Néanmoins, les partis du centre ont des raisons de considérer avec une inquiétude croissante les manœuvres de l’extrême droite. Selon les derniers sondages, le Parti populaire européen et les Socialistes & Démocrates semblent assurés de conserver leurs première et deuxième positions au Parlement, mais leur actuel « partenaire de grande coalition », le groupe libéral Renew Europe, perdrait des sièges en raison du passage prévu à la droite .

Pour Renew Europe, qui comprend actuellement des députés européens d’Open Vld comme l’ancien Premier ministre Guy Verhofstadt et Hilde Vautmans, mais aussi Renaissance du président français Macron et du MR francophone, il existe une menace de relégation à la quatrième, voire à la cinquième place – après identification ou ECR.

Parce que Renew recherche également des renforts, la N-VA pourrait également leur faire une proposition. Mais pour l’heure, cette alliance est moins évidente que l’adhésion au PPE. En tant que partenaires actuels de la coalition flamande, la N-VA et Open Vld peuvent certainement se rencontrer sur le plan économique, mais le parcours des libéraux européens de Renew contient des accents nettement plus progressistes, par exemple dans des domaines tels que le climat et la migration.

Ce sont précisément ces deux thèmes politiques qui domineront les élections européennes, selon une étude des politologues Ivan Krastev et Mark Leonard pour le Conseil européen des relations étrangères. « La politique européenne n’est plus seulement divisée entre gauche et droite et entre positions pro et anti-intégration européenne, mais aussi entre diverses ‘tribus de crise’ dont les membres ont été traumatisés par des événements importants », écrivent-ils. « Il suffit de penser aux crises passées dans les domaines de l’économie, de la sécurité, de la santé, du climat et de la migration, qui ont créé des identités politiques qui traversent et traversent les pays. »

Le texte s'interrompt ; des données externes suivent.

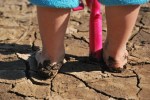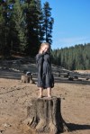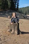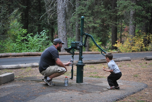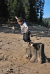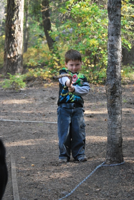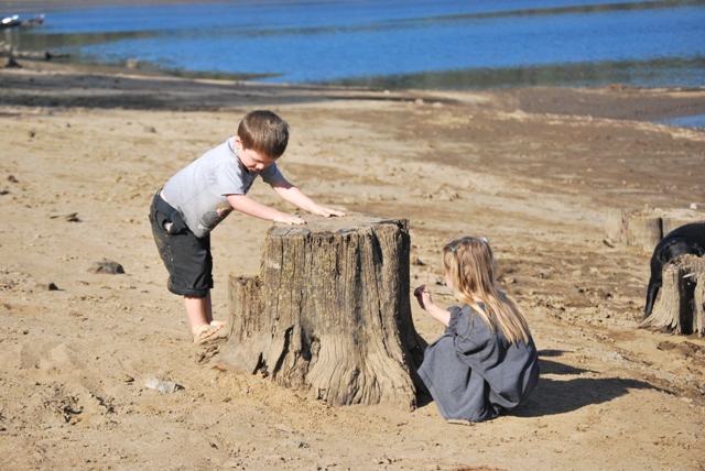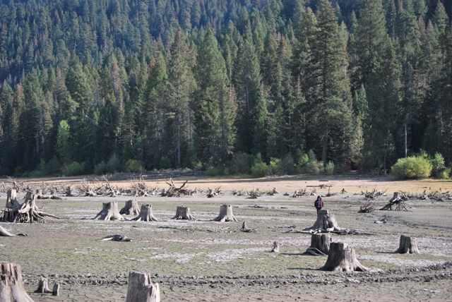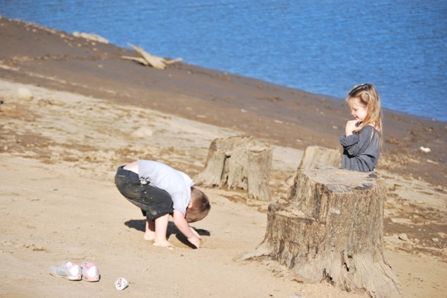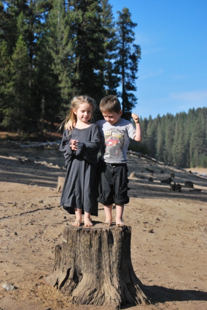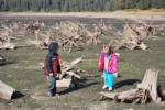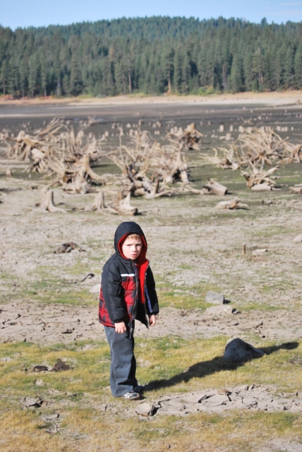 There was a trail to the water right by our campground. We started down the trail, got out of the trees to a clearing where we could see the reservoir. What we saw was not exactly what I had in mind. The water was pretty much gone leaving a large flat land with dead tree stumps all over it. Far off in the distnace we could see a small bit of water and some people fishing. I thought we could walk across the dry part of the reservoir to get to the water but as we ventured out on it I found out it was super muddy. Jayse got close to a small trail of water where it was really muddy and feel face first into the mud. He was crying and wanted to go back to take a bath. He was done with our adventures. We walked back to the trailer, changed clothes and waited for dad to get back from hunting.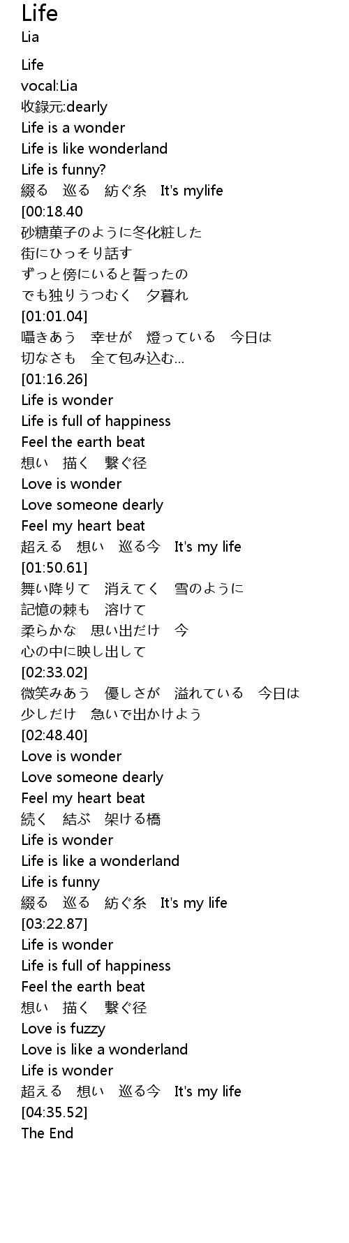 | [04:02.92] | Life is wonder |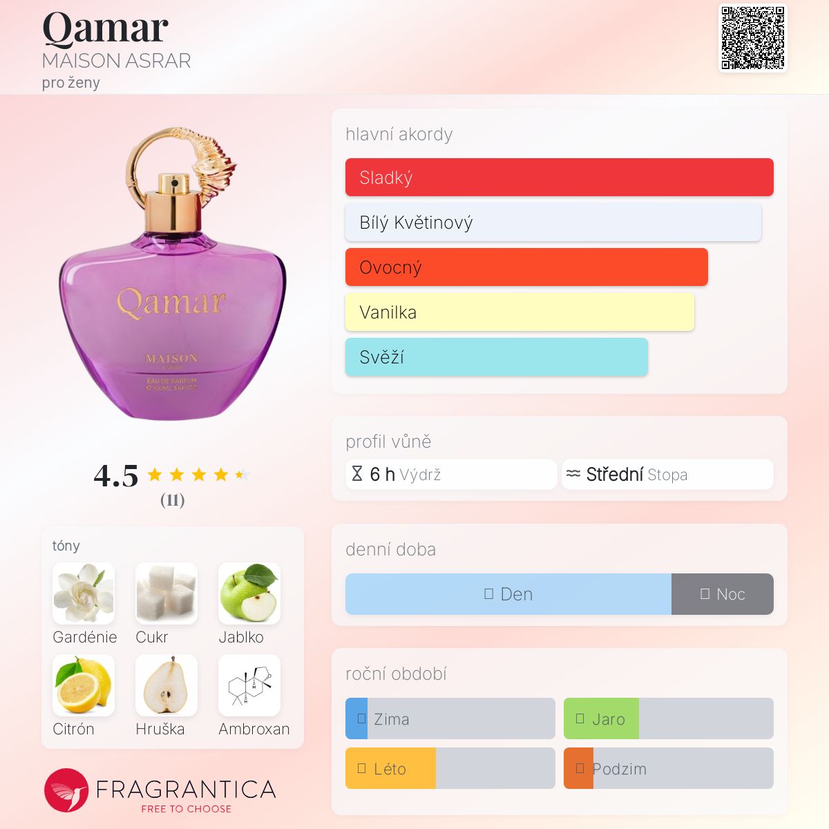 Qamar podle MAISON ASRAR je Floral Fruity vůně pro ženy. Toto je nová vůně. Qamar byl/a uveden/a v roce 2024. Vrchní tóny jsou Jablko, Citrón a Hruška; střední tóny jsouGardénie a Jasmín ; základní tóny jsou Cukr, Ambroxan a Vanilka.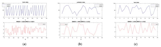 Fitting and error diagram to show the predictor network performance for (a) training, (b) validation and (c) testing data.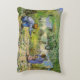 The cushion is small to medium sized. It can be washed. It is well constructed. The material used is pleasant and feels decent quality. It has a very slight plush feel which is good. It is well labelled and its care clearly stated. Theres nothing not to like about it. All in all a good item. The deduction of one star overall is due to long delays in delivery to the UK. It's not clear if this was due to Zazzle or somewhere else in the chain as I did not receive status updates of dispatch or progress. I cannot comment anymore on that other than to say that was our experience but it may not be the same for you. The printing was surprisingly close to what we were expecting. Its an art piece and on material so its hard to assess the precision of printing but it seems close to the original. The soft lines are reproductions of the original. The colour is a fair reflection of the painting. This was printed in the US and it looks like US quality. No issues.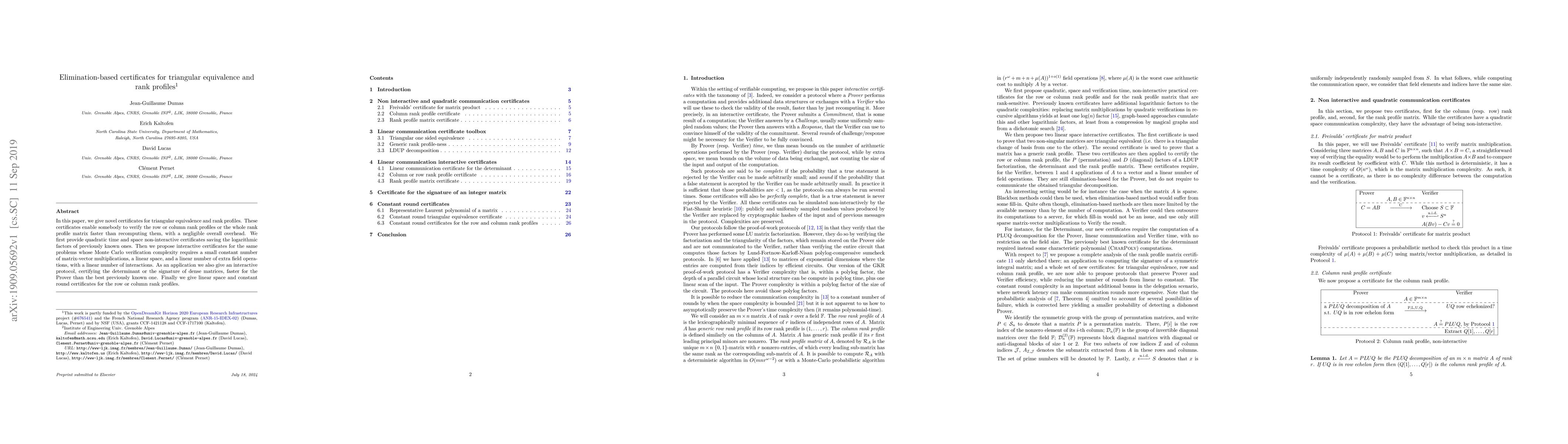 This paper introduces novel certificates for triangular equivalence and rank profiles, allowing for faster verification than recomputing them. It presents non-interactive certificates with improved efficiency and interactive certificates requiring minimal matrix-vector multiplications and interactions, along with an application for faster determinant or signature certification of dense matrices.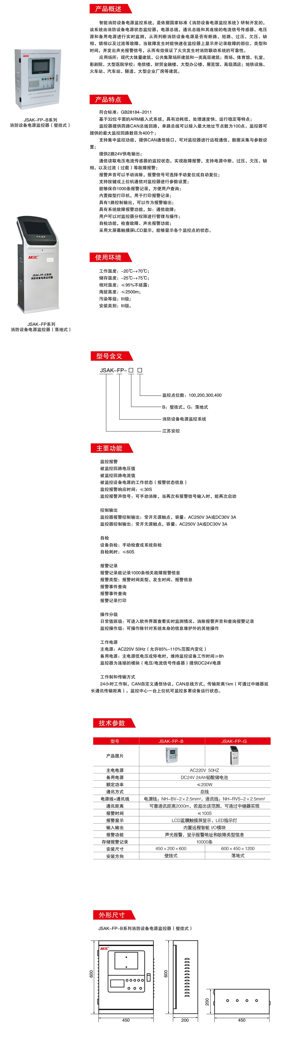 JSAK-FP-G 消防電源監(jiān)控器(落地式)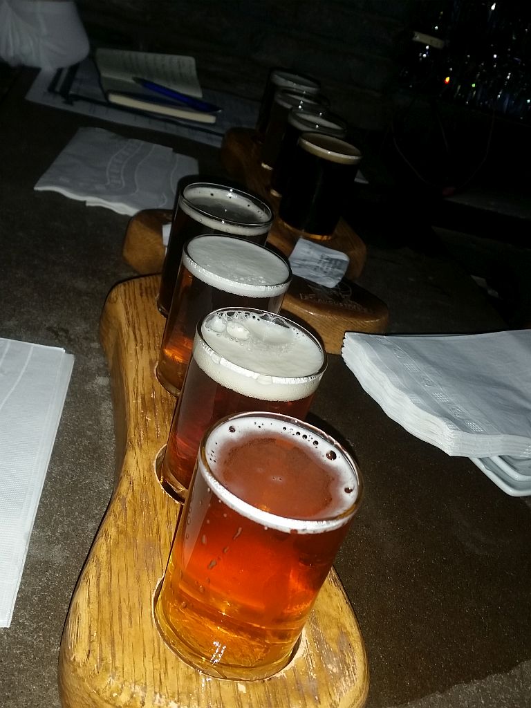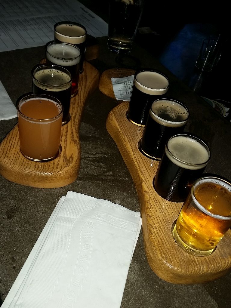 Zum Abendessen haben wir (hatten ja mehrfach feine Küche) wieder dem alkoholischen Getränk zugeneigt. Im Internet haben wir mehrere Brewpubs, also Kneipen mit vielen, vielen Bieren (und was zu Essen) rausgesucht und sind dann einfach mit dem Bus hingefahren.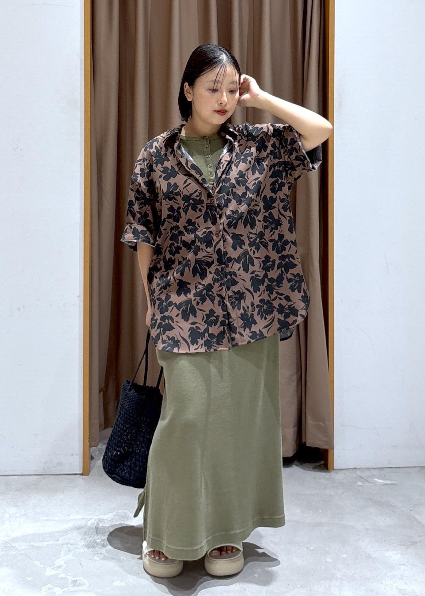 【セットアップ対応】リネンライクフラワープリント衿付きシャツ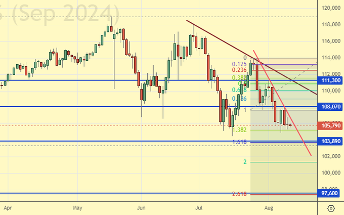 Сценарий роста: рассматриваем сентябрьский фьючерс, дата экспирации 13 сентября. Падаем. Для покупок нам нужны более низкие отметки.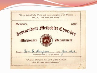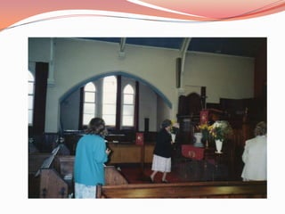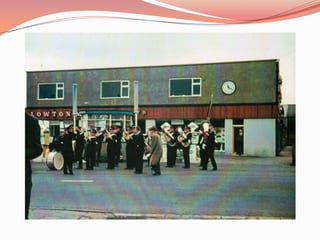 This document provides a brief history of the Lowton Independent Methodist Church in Lowton, England, which has been serving the community since 1720. It summarizes that Wesleyan ministers first held meetings in 1720, a day school and preaching services were opened in 1794, the cause was restarted in 1820 as the Quaker Methodists and later renamed to the Independent Methodists. The document also thanks those who provided photographs for the church's 130th anniversary celebration and provides contact information for others to share photographs for the church's ongoing historical project.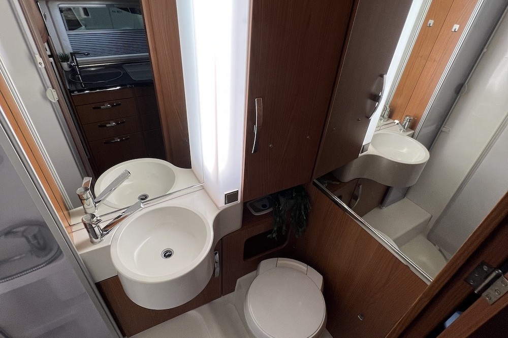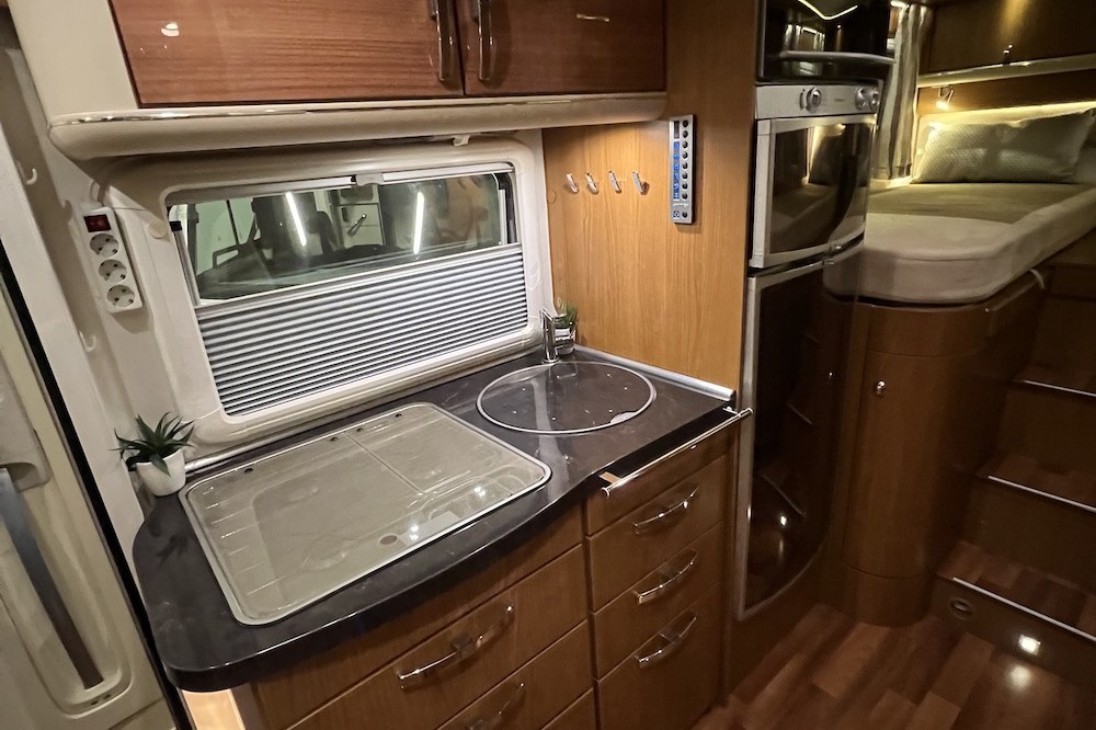 - Oven op gas en koelkast met automatische bronselectie (12V / 220V / gas)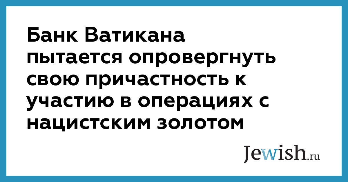 Банк Ватикана пытается опровергнуть свою причастность к участию в операциях с нацистским золотом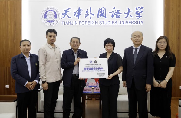 会见后,双方授牌互为“重要战略合作伙伴”。努赫菲尔·哈纳尼一行还参观校史馆、上合国家文化风情展,实地查看印尼文化体验室装修情况以及印尼语能力考试系统运行情况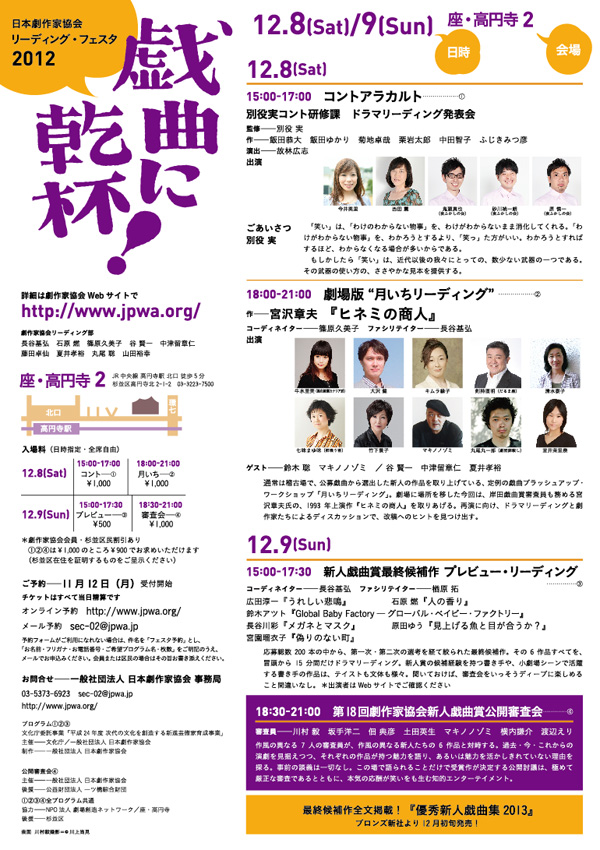 主催:一般社団法人 日本劇作家協会 後援:公益財団法人 一ツ橋綜合財団 / 杉並区 [協力] NPO法人 劇場創造ネットワーク/座・高円寺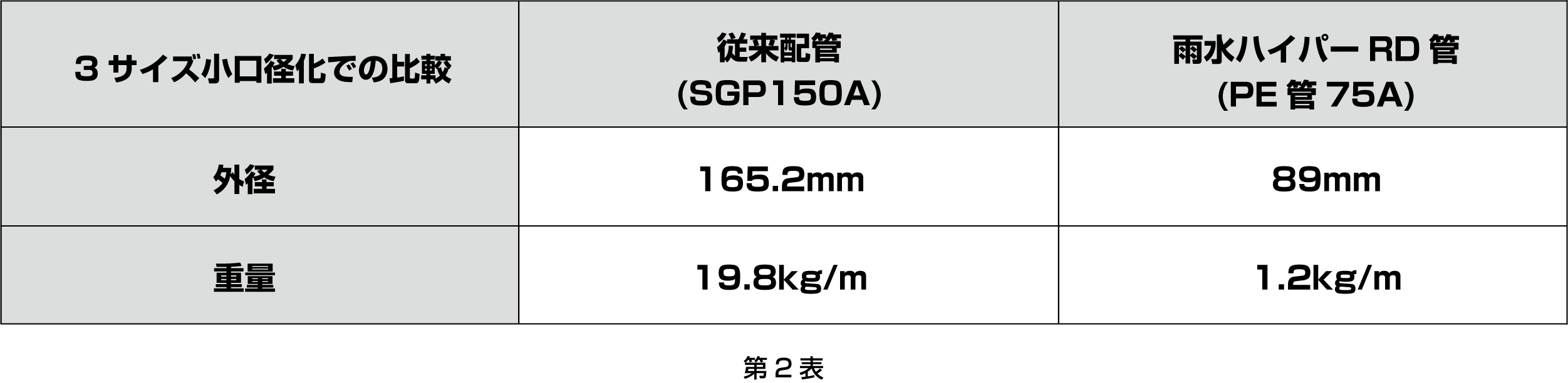 サイフォン式雨水排水システムは、サイフォンにより発生した強い推進力を利用することで、充水率を1.0まで大きくすることができるため、第2表に示す通り、従来雨水排水システムの雨水配管よりも管径を1~3サイズ小口径化でき、重量も従来配管の1/15以下まで軽量化できます。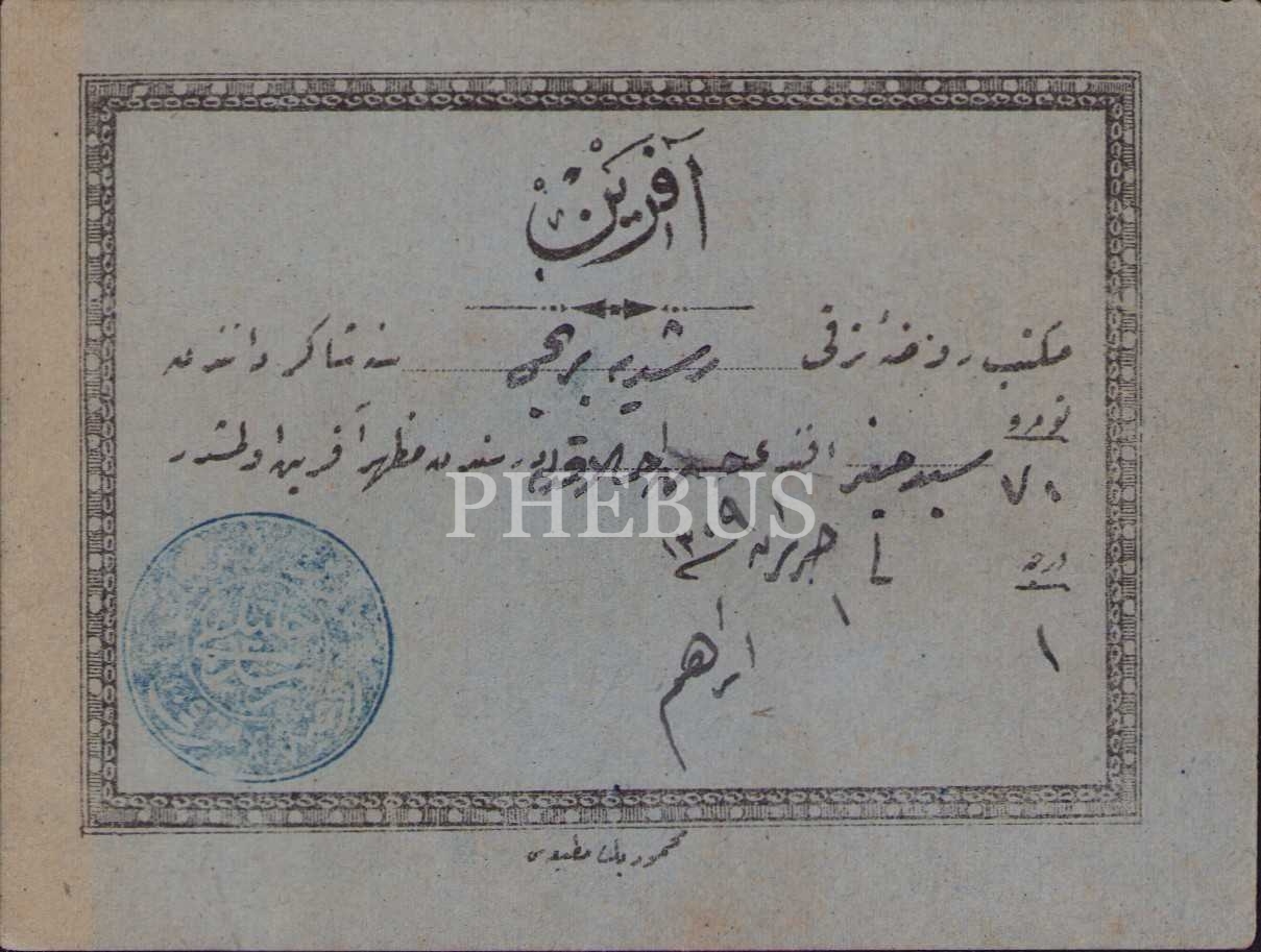 Osmanlıca Aferin kağıdı, 1309, 8x10 cm

Lors des prochaines élections au Parlement européen, ils affirment que la crise climatique et migratoire en particulier influencera le vote des citoyens et créera par la suite des divisions entre les nouveaux groupes du prochain Parlement.

La « tribu du climat », comme les appellent Krastev et Leonard, est la tribu la plus pro-européenne. « La nature de cette crise nécessite une large coopération internationale, de sorte que cette tribu pourrait considérer l’UE comme mieux à même d’agir en faveur du climat que les États-nations. »

Tribu de migration

Contrairement à la tribu du climat, les membres de la « tribu des migrants » sont plus susceptibles d’être sceptiques à l’égard de l’UE. Ils constituent le seul groupe au sein duquel une majorité s’attend à un effondrement du bloc dans les vingt prochaines années. Les députés votent le plus souvent pour des partis de droite ou d’extrême droite. Ils sont les moins favorables aux énergies renouvelables (même si une majorité y est toujours favorable), et ils sont les plus grands fans de l’énergie nucléaire et des combustibles fossiles. Beaucoup d’entre eux déclarent qu’ils préféreraient avoir un dirigeant qui défend l’indépendance de leur pays plutôt qu’un dirigeant qui coopère au niveau international.

L’étude de Krastev et Leonard a interrogé les électeurs de plusieurs États membres, mais malheureusement pas en Belgique. Il serait fascinant que nos politologues et nos agences de recherche appliquent ici leur approche. Peut-être que cela pourrait même aider les partis belges qui cherchent encore une place au Parlement européen dans leur choix de délocalisation.